«berlin school» - best artists
The Berlin School of electronic music, or just Berlin School, was a development of electronic music in the 1970s, shaped by Berlin-based artists like Klaus Schulze, Tangerine Dream and Ashra. The style is characterized by soaring electric guitar or synthesizer melodies in high-register accompanied by complex, shifting analog sequencer bass lines. The lead soloist’s warm, human improvisations were a counterpoint to the cold, robotic precision of the bass-lines. Sound effects such as wind, and washes of Mellotron choir, flute, or strings were often added for color. Experimental or ambient stretches were not rare either, especially as intros. Most works were instrumental, vocals were used sparingly.
Vintage Berlin School tracks typically ran about twenty or thirty minutes, filling one side of a vinyl LP. The genre was so thoroughly identified with the long form that a general shift to shorter pieces in the 1980s seemed to herald the death of the movement. After the coming of the compact disc “retro” artists were no longer limited by the need to flip over a vinyl record. Some newer works run continuously as a single track for almost 80 minutes.

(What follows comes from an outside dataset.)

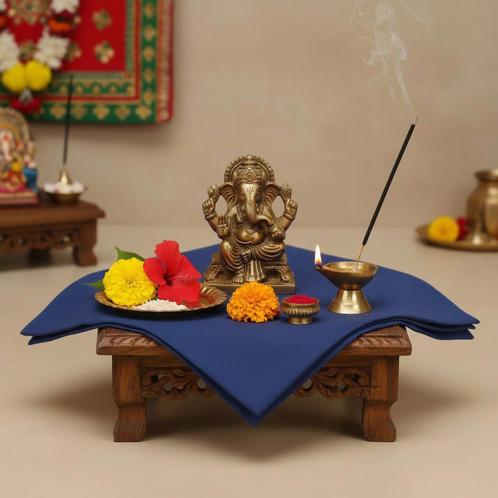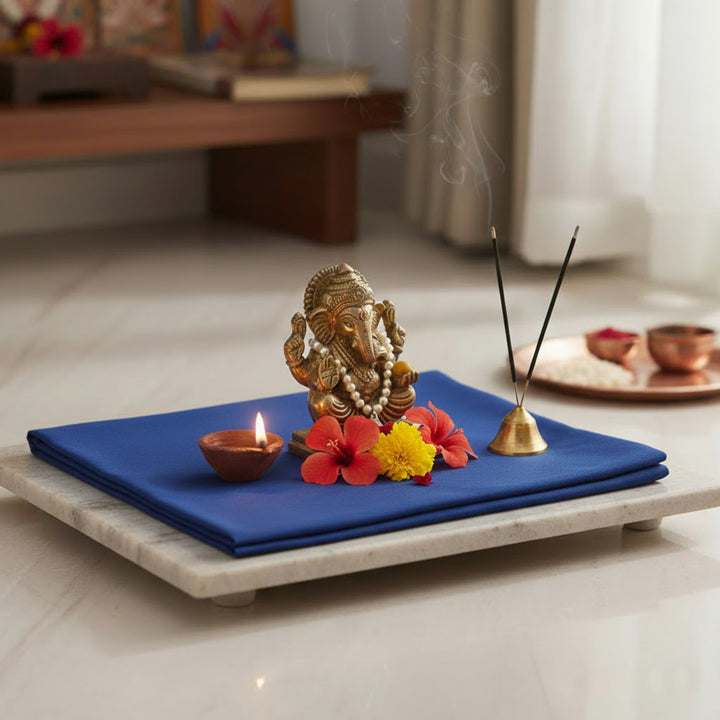 Blue Pooja Cloth | 1.25 Meter Blue Cotton Fabric | Devotional Blue Cloth | Sacred Cloth for Puja | Altar Decoration Fabric | Blue Ritual Cloth | Pooja Essentials | Cotton Fabric for Worship | Cloth for Deity Wrapping

An outgrowth of Krautrock, Berlin School was so named because most of its early practitioners were based out of Berlin, Germany. The genre’s identification with space music made it distinct from the more percussive and rhythm-oriented Düsseldorf School which included Can, Cluster, Kraftwerk, and Neu!.
Berlin School was and still is a relatively self-contained style that has not had nearly the impact on music in general that Kraftwerk has had on synth pop and techno, but ambient, electronica, New Age, and trance are partially rooted in Berlin School. The genre is sometimes considered a sub-branch of New Age or ambient, though it predates the widespread usage of both terms.